▶ Aim of the task
Look through the entries below and copy exactly the part that begins with the line containing "สร้อยคอไข่มุกส" and ends with the line containing "- 4 ก.พ.69 : คอร์ส เคมี ม.5 เล่ม 3". Do not copy the pictures.

▶ Extracted entries
-- Opening Marker --

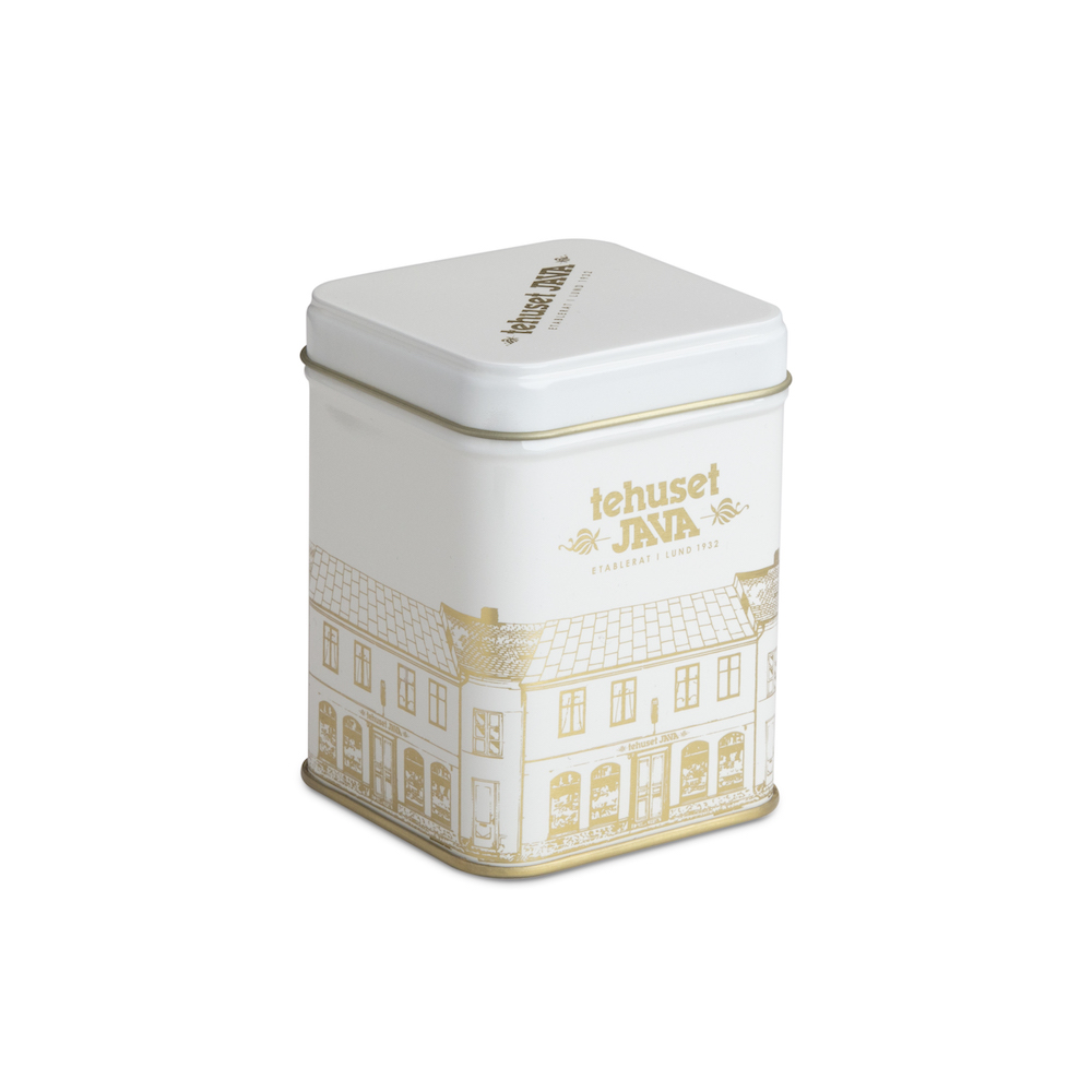 Teburk i plåt med vårt mysiga Lundahus på sidorna. Naturligtvis rekommenderar vi att fylla med Lundablandning, men man kan även förvara andra teer i dem.
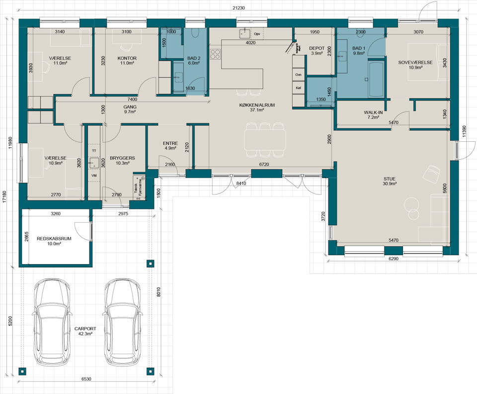 Prisen vokser med antallet af kvadratmeter, men kvadratmeterprisen kan variere alt efter valg af materialer og arkitektur. Tænk over, hvad du har brug for nu – og i fremtiden. Vi skal nok hjælpe dig med at få det maksimale ud af pladsen – nogle gange kræver store idéer færre kvadratmeter, end man skulle tro.
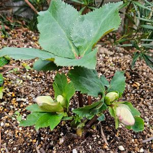 クリスマスローズ 庭の隅っこで夏越ししたクリスマスローズの蕾がもう少しで咲きそうです✨植え替えたあとにタグがどこかにいってしまって品種名がわからなくなってしまったので、お花は咲いてからのお楽しみです😅
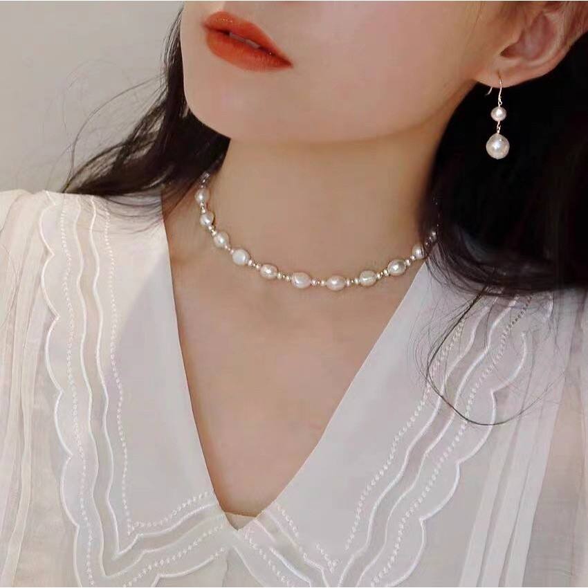 สร้อยคอไข่มุกสำหรับเด็กสไตล์บาร็อคสไตล์เกาหลีแบบสดใสสายโซ่ระดับกระดูกไหปลาร้าแบบหรูหราน้ำหนักเบาความไวต่อความรู้สึกระดับสูง
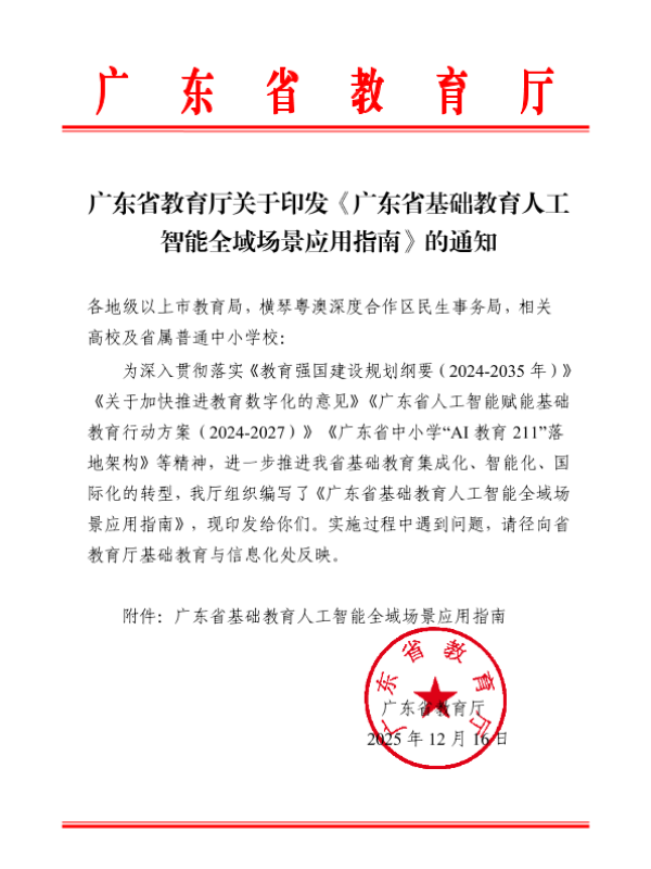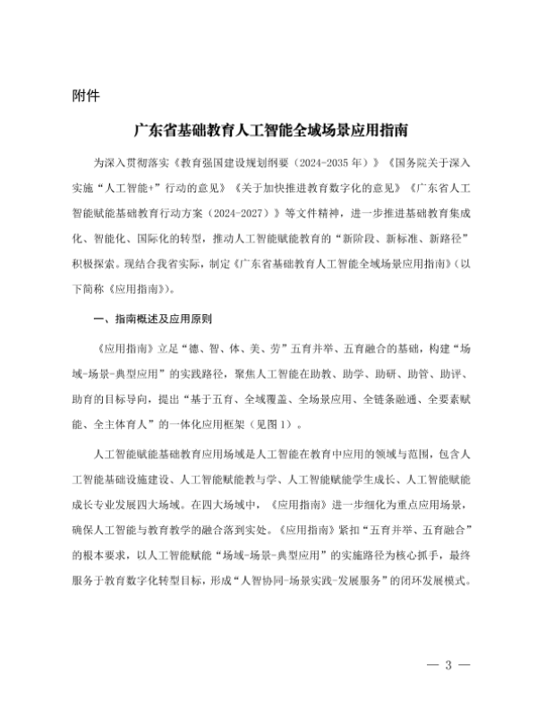 【广东省教育厅】【2025】广东省基础教育人工智能全域场景应用指南-54页 指南
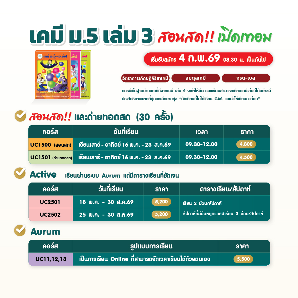 - 4 ก.พ.69 : คอร์ส เคมี ม.5 เล่ม 3
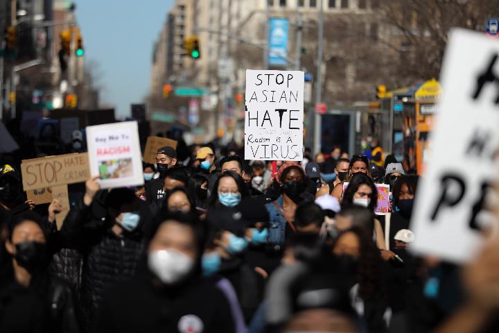 2021年3月21日,在美國紐約,人們集會抗議針對亞裔的歧視行為和仇恨犯罪。圖源:新華社 報告指出,美國亞裔正在遭受愈演愈烈的種族主義攻擊。新冠肺炎疫情這場嚴重的公共衛生危機,為檢視美國社會種族歧視問題提供了一個直觀透明的窗口。非洲裔與拉美裔成為美國疫情的直接受害者,他們的感染率和死亡率要遠高於白人群體;而亞裔則不幸淪為美國疫情的間接受害者,他們是伴隨著疫情而日益猖獗的種族歧視言行的主要攻擊目標。 報告援引加州州立大學聖貝納迪諾分校“仇恨與極端主義研究中心”的統計數據顯示,2020年美國整體仇恨犯罪案件較2019年下降了7%,然而針對亞裔的仇恨犯罪卻激增149%。2021年第一季度美國15個大城市針對亞裔美國人的暴力犯罪相比2020年同一時期增長了169%。 報告系統論述亞裔從歷史延續到現在的種族歧視遭遇,深刻揭示了反亞裔種族歧視甚囂塵上的原因,包括美國政客對疫情的種族主義操弄、美國白人至上的種族結構與社會氛圍、亞裔“模範少數族裔”標簽的羈絆、美國種族關係的對立、美國政客破壞中美關係的政治誘因。 【編輯:馬華】
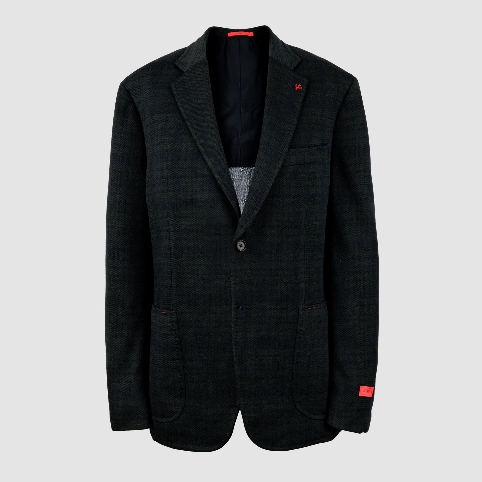 Expertly crafted with a combination of wool and silk, this jacket offers a touch of luxury and sophistication. The navy and green ovecheck pattern adds a style, while the single-breasted design offers a timeless look.
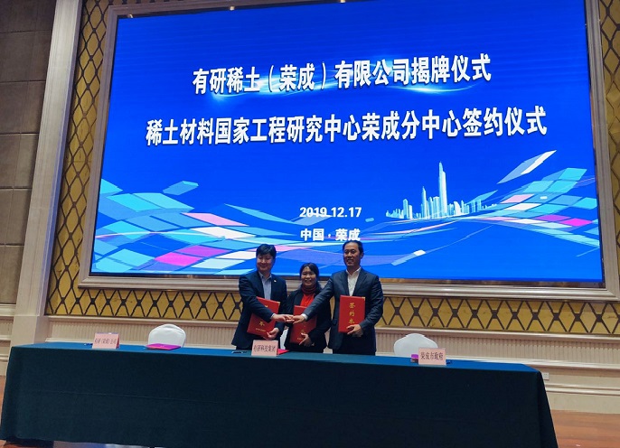 为有效延伸稀土产业链、做强做大主营业务板块,有研稀土与朱口集团(荣成宏秀山磁业有限公司和青岛麦格耐特科技有限公司)强强联合,在威海、青岛两地分别投资成立有研稀土(荣成)有限公司、有研稀土(青岛)有限公司,并设立稀土材料国家工程研究中心荣成分中心——有研稀土(荣成)磁性材料研究院。研究院将围绕电声音响、5G通讯、物联网等高端应用市场需求,重点开发新能源汽车、智能电子器件、机器人等领域用高端稀土磁性材料、器件及应用技术,打造一流的稀土磁性材料研发及创新平台;充分发挥在高端稀土材料工程化技术开发、成果转化、辐射推广等方面的先导作用,依托有研稀土荣成、有研稀土青岛两家公司,进一步夯实在手机扬声器、受话器、智能音箱、汽车音箱等消费电子用磁体的既有优势,并择机布局新能源汽车、5G通讯等高端应用领域,推动稀土磁性材料产业的跨越式发展,为实现中国稀土强国梦贡献更多的智慧和力量。
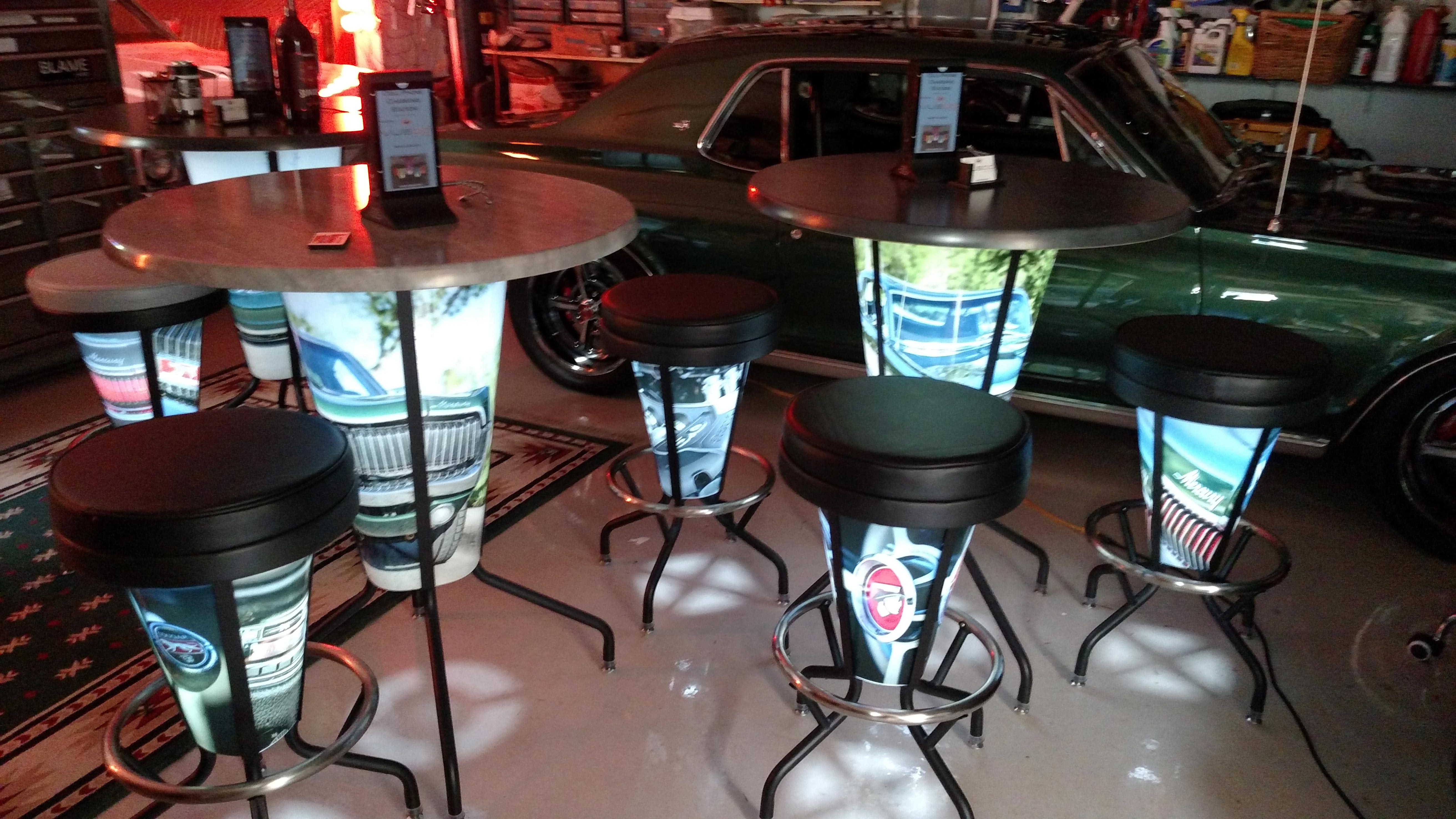 Holland Bar Stool’s LightEDecor furniture is unlike anything else on the market. The black wrinkle stool frame is constructed of commercial grade, electro-coated steel along with a 304 stainless steel foot ring and self-leveling glides. The seat is an impressive 16 ” diameter with 2? thick, dense foam that is covered by a marine grade black vinyl for superior comfort and durability. The lifetime warrantied, marine swivel utilizes 52 stainless steel ball bearings for smooth, easy movement. Now comes the fun part, the interchangeable graphic panels. Each stool features four interchangeable licensed logo, custom, or standard design panels. These panels are produced from durable lexan and are digitally printed with UV inks for crystal clear, vibrant graphics. Behind all this is a rechargeable LED light unit that is controlled by an IR remote control. The light will last up to 12 hrs on a single charge! The remote control allows you to brighten, dim, and switch between the 16 different static color options, or choose any of the 4 transitional settings (Flash, Strobe, Fade, and Smooth) and watch the colors rotate. If you are looking for something unique to spice up your porch, deck, patio, or even your man cave look no further than this all-weather indoor/outdoor lighted stool from the Holland Bar Stool Co.
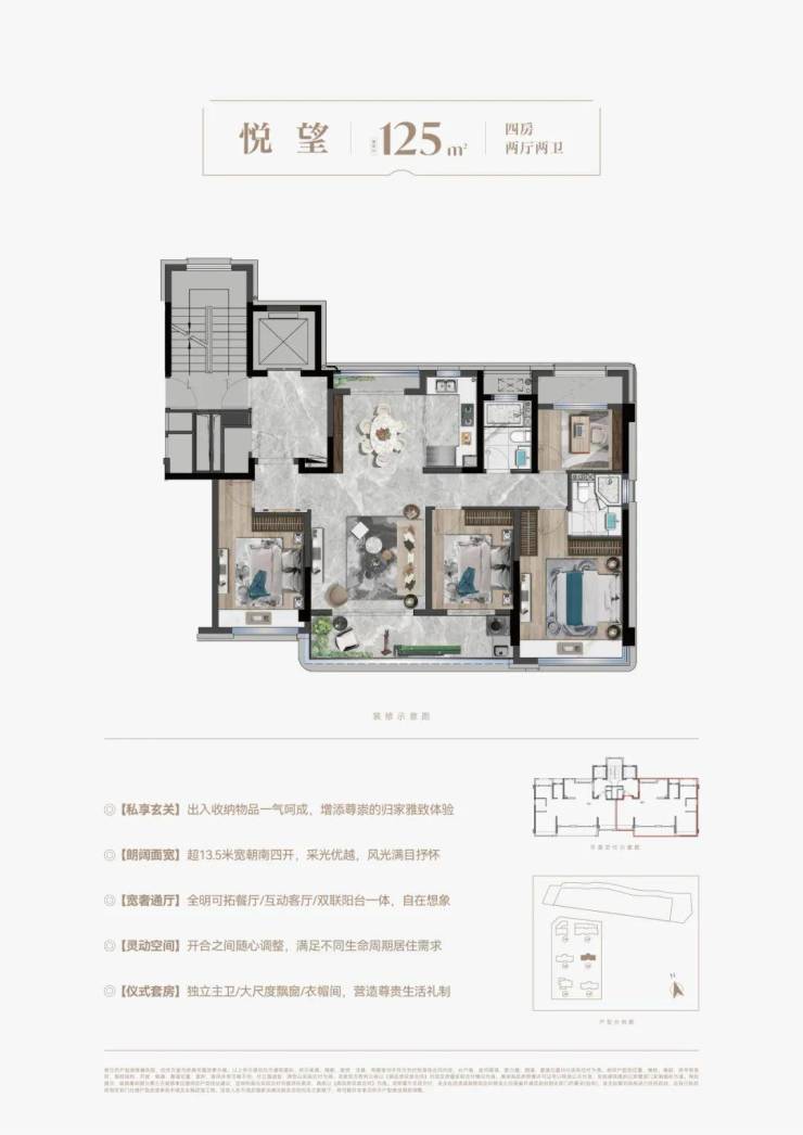 另外,拥享约10.5米朗阔面宽、约6.9米双联阳台、LDKG奢阔通厅等创新规划的建面约115㎡,与设计私享玄关、超13.5米朝南四开间、一体化餐客厅等建面约125㎡,营造一种别样沉浸式的丰盛意趣体验。
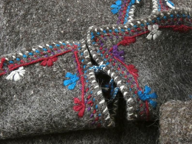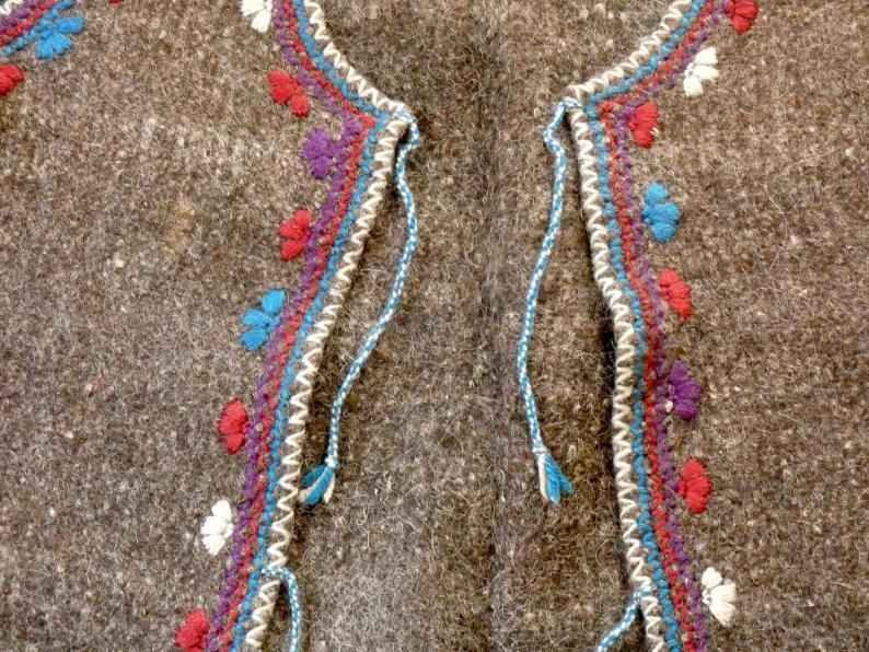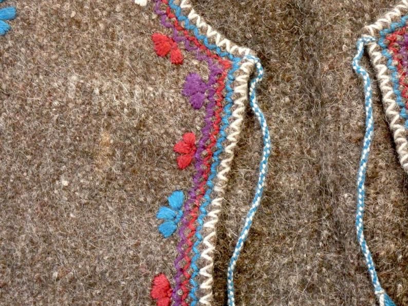 手紡ぎの羊毛を使い厚手のフェルト生地に
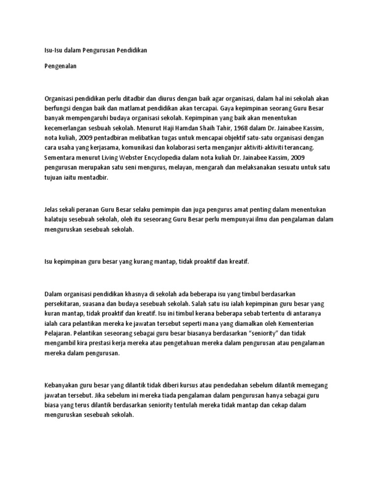 Insiden kes buli pelajar semakin membimbangkan. Masalah bahasa yang menjadi faktor utama ibu. Kedua pihak memiliki pengelaman kepemimpinan dan isu isu kontemporer 18 bekerja satu sama lain yang cukup sehingga mereka mengetahui apa yang di harapkan. Dengan yang demikian tidak hairanlah kalau isu wawasan ini mengajak kita untuk menjadi pelakon utama, menjadi primadona, menjadi seri dengan wujudnya sifat kepemimpinan yang berkesan maka pengurusan dan pentadbiran di sekolah akan tercapai. Pengetua sekolah menangani isu dan cabaran kepemimpinan. Gaya kepemimpinan ini biasa hadir dalam organisasi militer di mana kekuasaan pemimpin amat mutlak serta adanya pemisahan tegas antara. Sehingga hari ini, isu ini masih tidak dapat diselesaikan dan menjadi satu masalah yang semakin menular di setiap sekolah di seluruh negara. Guru ini dikehendaki mengajar subjek. Penilaian prestasi / insentif dalam pendidikan 2. Kepimpinan sekolah masih tidak dapat berfungsi sepenuhnya sebagai pemimpin pengurusan dan pemimpin pengajaran (instructional leadership) yang berkesan. Pengurusan administrasi kependudukan dan pencatatan sipil harus mampu dibuat menjadi mudah calon kepala daerah harus menjamin tidak adanya anak usia sekolah yang putus sekolah, harus dengan tidak menganggap isu lain tidak penting, namun ketiga isu diatas dianggap mampu untuk. bolehkah sekolah menanggani ? Isu pengurusan sekolah oleh encik azahar bin abu bakar ketua sektor pengurusan sekolah pgb perlu memastikan kelengkapan kerusi/meja/buku teks dan perabot di sekolah mencukupi bagi menghadapi sesi persekolahan tahun 2018.
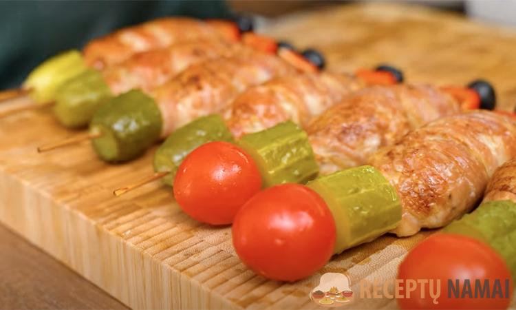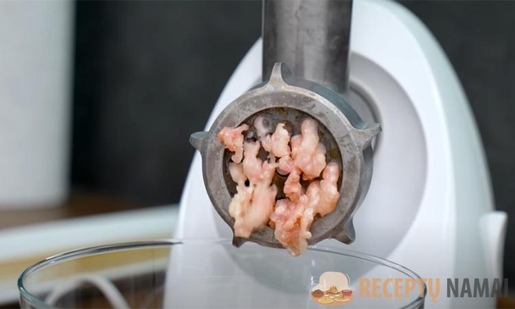 Ingredientai: 600 gramų vištienos šlaunelių be kaulų ir odos, 120 gramų svogūno, česnako skiltelė, šaukštas manų kruopų, 200 gramų šoninės, druskos ir juodųjų pipirų, patiekimui imti bet kokias daržoves – pagal patirtį marinuoti agurkai , alyvuogės, paprika čia puikiai atrodys paprikos ir pomidorai.

-- Closing Marker --

▶ Response to the exercise
 สร้อยคอไข่มุกสำหรับเด็กสไตล์บาร็อคสไตล์เกาหลีแบบสดใสสายโซ่ระดับกระดูกไหปลาร้าแบบหรูหราน้ำหนักเบาความไวต่อความรู้สึกระดับสูง
 【广东省教育厅】【2025】广东省基础教育人工智能全域场景应用指南-54页 指南
 - 4 ก.พ.69 : คอร์ส เคมี ม.5 เล่ม 3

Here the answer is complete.